The Eocene Epoch is a geological epoch that lasted from about 56 to 34 million years ago. It is the second epoch of the Paleogene Period in the modern Cenozoic Era; the name Eocene comes from the Ancient Greek ἠώς and καινός and refers to the "dawn" of modern fauna that appeared during the epoch. The Eocene spans the time from the end of the Paleocene Epoch to the beginning of the Oligocene Epoch; the start of the Eocene is marked by a brief period in which the concentration of the carbon isotope 13C in the atmosphere was exceptionally low in comparison with the more common isotope 12C. The end is set at a major extinction event called the Grande Coupure or the Eocene–Oligocene extinction event, which may be related to the impact of one or more large bolides in Siberia and in what is now Chesapeake Bay; as with other geologic periods, the strata that define the start and end of the epoch are well identified, though their exact dates are uncertain. The Eocene epoch is conventionally divided into early and late subdivisions.

The corresponding rocks are referred to as lower and upper Eocene. The Ypresian stage constitutes the lower, the Priabonian stage the upper; the Eocene Epoch contained a wide variety of different climate conditions that includes the warmest climate in the Cenozoic Era and ends in an icehouse climate. The evolution of the Eocene climate began with warming after the end of the Palaeocene–Eocene Thermal Maximum at 56 million years ago to a maximum during the Eocene Optimum at around 49 million years ago. During this period of time, little to no ice was present on Earth with a smaller difference in temperature from the equator to the poles. Following the maximum was a descent into an icehouse climate from the Eocene Optimum to the Eocene-Oligocene transition at 34 million years ago. During this decrease, ice began to reappear at the poles, the Eocene-Oligocene transition is the period of time where the Antarctic ice sheet began to expand. Greenhouse gases, in particular carbon dioxide and methane, played a significant role during the Eocene in controlling the surface temperature.
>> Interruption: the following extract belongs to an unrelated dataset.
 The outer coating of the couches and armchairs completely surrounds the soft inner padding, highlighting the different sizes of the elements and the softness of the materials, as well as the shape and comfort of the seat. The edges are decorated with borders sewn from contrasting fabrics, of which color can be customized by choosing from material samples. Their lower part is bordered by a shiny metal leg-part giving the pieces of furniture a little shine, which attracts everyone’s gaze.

The end of the PETM was met with large sequestration of carbon dioxide into the forms of methane clathrate and crude oil at the bottom of the Arctic Ocean, that reduced the atmospheric carbon dioxide. This event was similar in magnitude to the massive release of greenhouse gasses at the beginning of the PETM, it is hypothesized that the sequestration was due to organic carbon burial and weathering of silicates. For the early Eocene there is much discussion; this is due to numerous proxies representing different atmospheric carbon dioxide content. For example, diverse geochemical and paleontological proxies indicate that at the maximum of global warmth the atmospheric carbon dioxide values were at 700–900 ppm while other proxies such as pedogenic carbonate and marine boron isotopes indicate large changes of carbon dioxide of over 2,000 ppm over periods of time of less than 1 million years. Sources for this large influx of carbon dioxide could be attributed to volcanic out-gassing due to North Atlantic rifting or oxidation of methane stored in large reservoirs deposited from the PETM event in the sea floor or wetland environments.
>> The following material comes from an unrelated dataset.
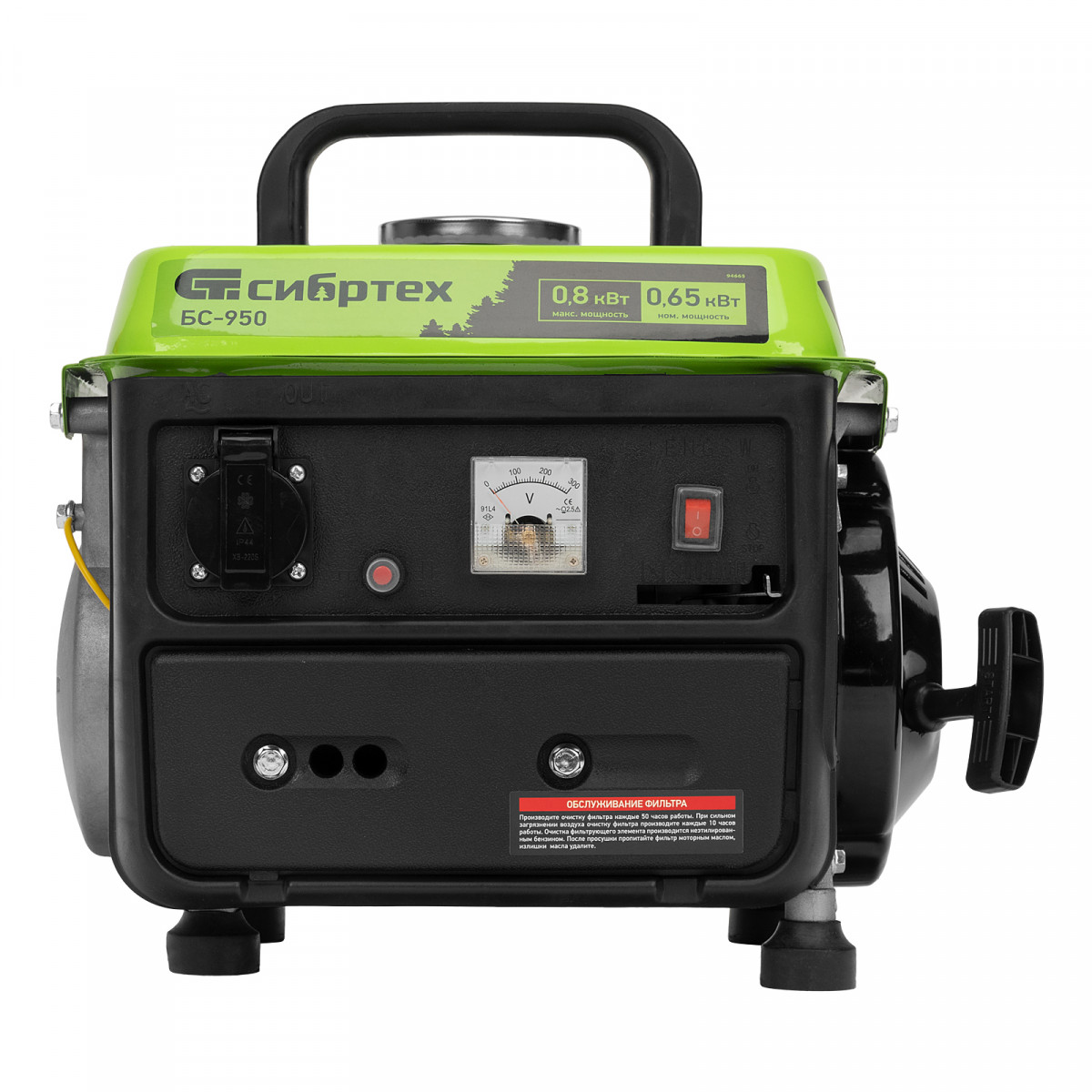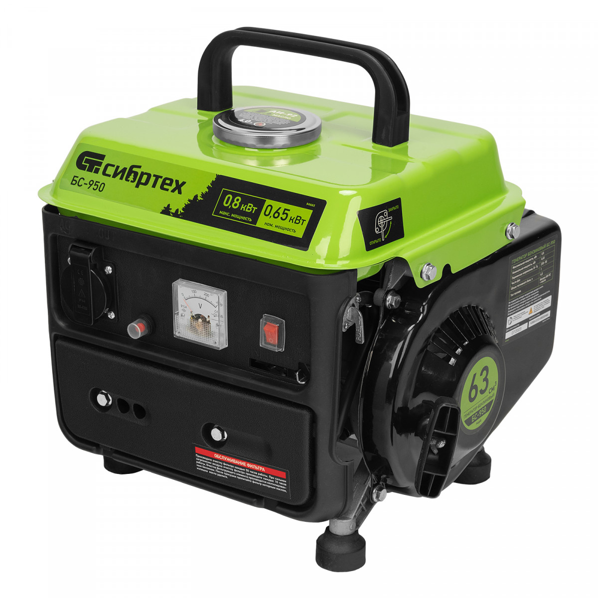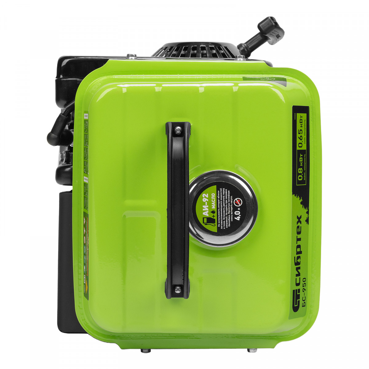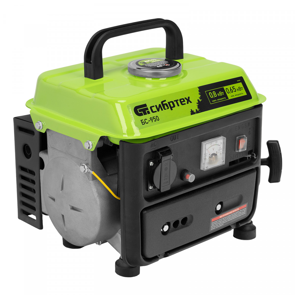 Бензиновый генератор Сибртех БС-950 94665 на 230 В, мощностью 0,8 кВТ, с 2-тактным двигателем и ручным стартером, с баком объемом 4 л, отличается небольшими габаритами, что делает его незаменимым на природе, на рыбалке, на даче или в гараже. Мощности 0,8 кВт достаточно для подключения электроинструмента или приборов с небольшим уровнем потребления энергии. На одной заправке генератор способен проработать до 4 часов.

For contrast, today the carbon dioxide levels are at 400 ppm or 0.04%. At about the beginning of the Eocene Epoch the amount of oxygen in the earth's atmosphere more or less doubled. During the early Eocene, methane was another greenhouse gas that had a drastic effect on the climate. In comparison to carbon dioxide, methane has much greater effect on temperature as methane is around 34 times more effective per molecule than carbon dioxide on a 100-year scale. Most of the methane released to the atmosphere during this period of time would have been from wetlands and forests; the atmospheric methane concentration today is 0.000179% or 1.79 ppmv. Due to the warmer climate and sea level rise associated with the early Eocene, more wetlands, more forests, more coal deposits would be available for methane release. Comparing the early Eocene production of methane to current levels of atmospheric methane, the early Eocene would be able to produce triple the amount of current methane production; the warm temperatures during the early Eocene could have increased methane production rates, methane, released into the atmosphere would in turn warm the troposphere, cool the stratosphere, produce water vapor and carbon dioxide through oxidation.
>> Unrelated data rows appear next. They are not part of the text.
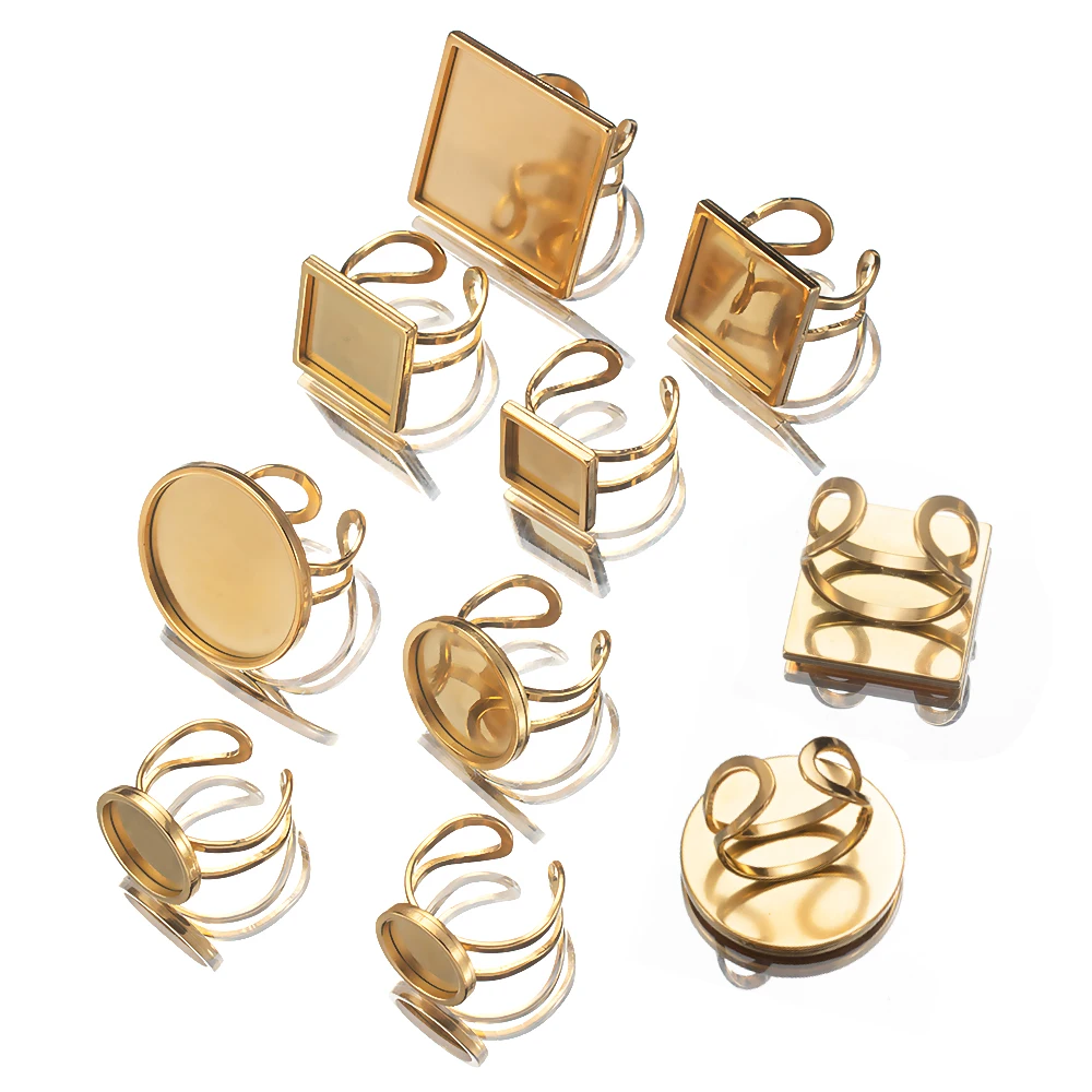 4pcs/lot Stainless Steel Open Ring Settings Flat Blank Base Large Square Round Oval Resin Cabochon Trayer Bezel Jewelry Making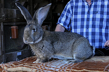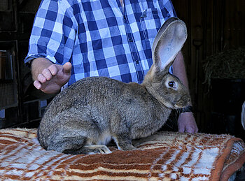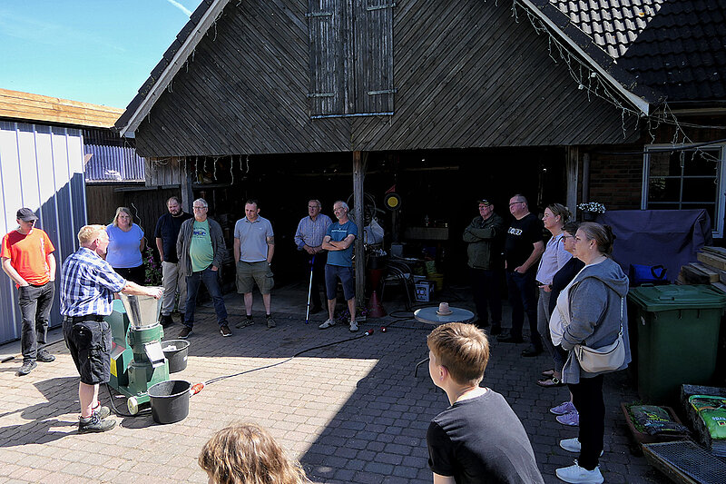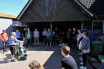 Nachdem einige Tiere vorgestellt wurden, präsentierte Mario seine Eigenkonstruktion zur Herstellung von Pressfutter. Ab 12.00 Uhr wurde Kaninchenbratwurst spendiert und vorbestelltes Fleisch fand ebenfalls seinen Weg auf den Grill.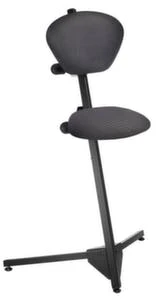 Sitz-/Stehhilfe, mit bewegliche Sitzmechanik, belastbar bis 110 kg, Triangel-Sitz, Sitzbezug aus Stoff (100% Polyester) in blau, Sitz Höhe x Breite x Tiefe 570 – 770 x 350 x 350 mm, Sitz gepolstert, Höhenverstellung über Gasfeder, stufenlos, Gestell in schwarz, Tellerfuß mit Bodenkissen, fördert dynamisches Sitzverhalten und ist trotzdem standsicher, Fuß aus Kunststoff in schwarz/blau, patentierte Sohle aus themoplastischen Kunststoffen, unterteilt in einzelne Segmente (thermoplastische Polyurethane), mit GS-Zeichen.
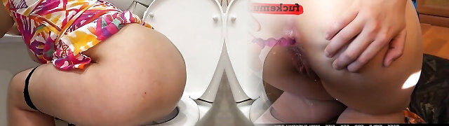 Married nymph excited by toilet masturbation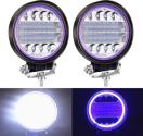 スーパーブライト4.5"コンボLEDライトポッド-ラウンドレッドポッド、16個の高強度フラッドLEDビーズ、8個のスポットLEDビーズ、ブルー色のDRLエンジェルアイを搭載し、鮮明な視認性を実現します。さらに光の距離を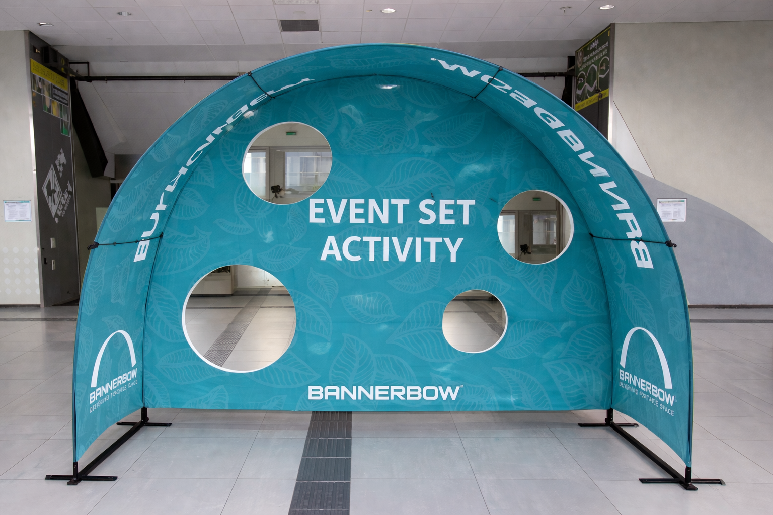 Bannerbow Event Set Activity is designed to create engagement, interaction, and memorable experiences at your event. The perforated Backdrop features integrated cut-out holes, making it ideal for interactive games and activities involving balls such as footballs, handballs, tennis balls, or golf balls.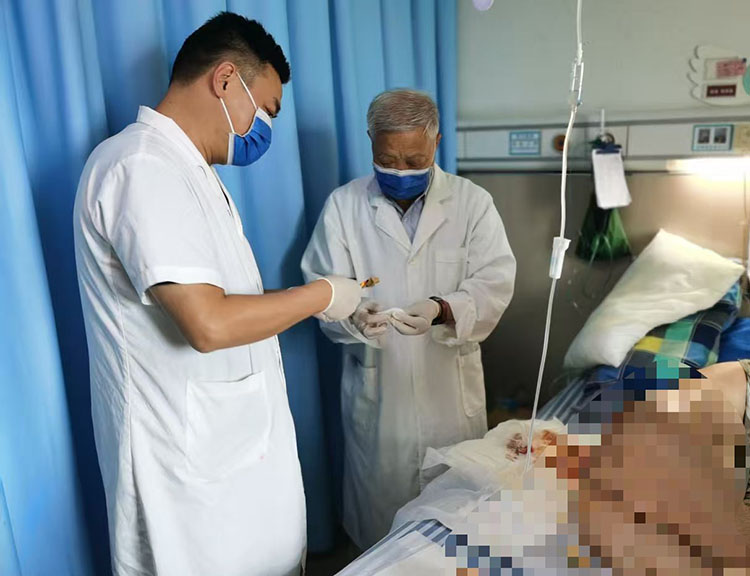 7月31日,應(yīng)湘潭市第六人民醫(yī)院創(chuàng)面修復(fù)科李湘輝主任的邀請,《中國燒傷創(chuàng)瘍雜志》編委、燒傷創(chuàng)瘍再生醫(yī)療技術(shù)臨床專家金黨軍,到科室會診一例多發(fā)性壓瘡患者,金黨軍主任親自示范再生醫(yī)療技術(shù)換藥流程,強調(diào)了換藥過程中的禁忌和注意事項,并交流了綜合治療方案,得到了科室主任的高度認可,再生醫(yī)療技術(shù)在湖南省湘中地區(qū)醫(yī)療單位逐漸擴大普及和應(yīng)用,為廣大慢性創(chuàng)面患者帶來了福音。

Biogenic production of methane produces carbon dioxide and water vapor along with the methane, as well as yielding infrared radiation. The breakdown of methane in an oxygen atmosphere produces carbon monoxide, water vapor and infrared radiation; the carbon monoxide is not stable so it becomes carbon dioxide and in doing so releases yet more infrared radiation. Water vapor traps more infrared than does carbon dioxide; the middle to late Eocene marks not only the switch from warming to cooling, but the change in carbon dioxide from increasing to decreasing. At the end of the Eocene Optimum, carbon dioxide began decreasing due to increased siliceous plankton productivity and marine carbon burial. At the beginning of the middle Eocene an event that may have triggered or helped with the draw down of carbon dioxide was the Azolla event at around 49 million years ago. With the equable climate during the early Eocene, warm temperatures in the arctic allowed for the growth of azolla, a f

Ali Amhaouch

Sidi Ali Amhaouch was a Moroccan religious leader who opposed the French rule of Morocco. Amhaouch was descended from a long line of marabouts who were influential religious figures in Morocco from 1700. Amhaouch backed two rebellions against the Moroccan government and fought against the French occupying forces, he declared a defensive jihad against France during the Zaian War but died of natural causes in 1918, three years before the war ended in the tribesmen's defeat. His son, Sidi El Mekki Amhaouch, continued to fight the French until his defeat in 1932. Amhaouch's descendant is a leader of religion in modern-day Morocco. Amhaouch was a member of a dynasty of marabouts that dominated Morocco from around 1700 to the present day; the Amhaouchs were renowned for their "Koranic-inspired teaching, magic rites and doomsday prophecies". One of his ancestors was responsible for the capturing of Sultan Mulay Slimane in 1818. Ali Amhaouch was born in 1844 and became known as a religious figure who commanded respect across Morocco and was one of the few people capable of bringing peace to warring tribes.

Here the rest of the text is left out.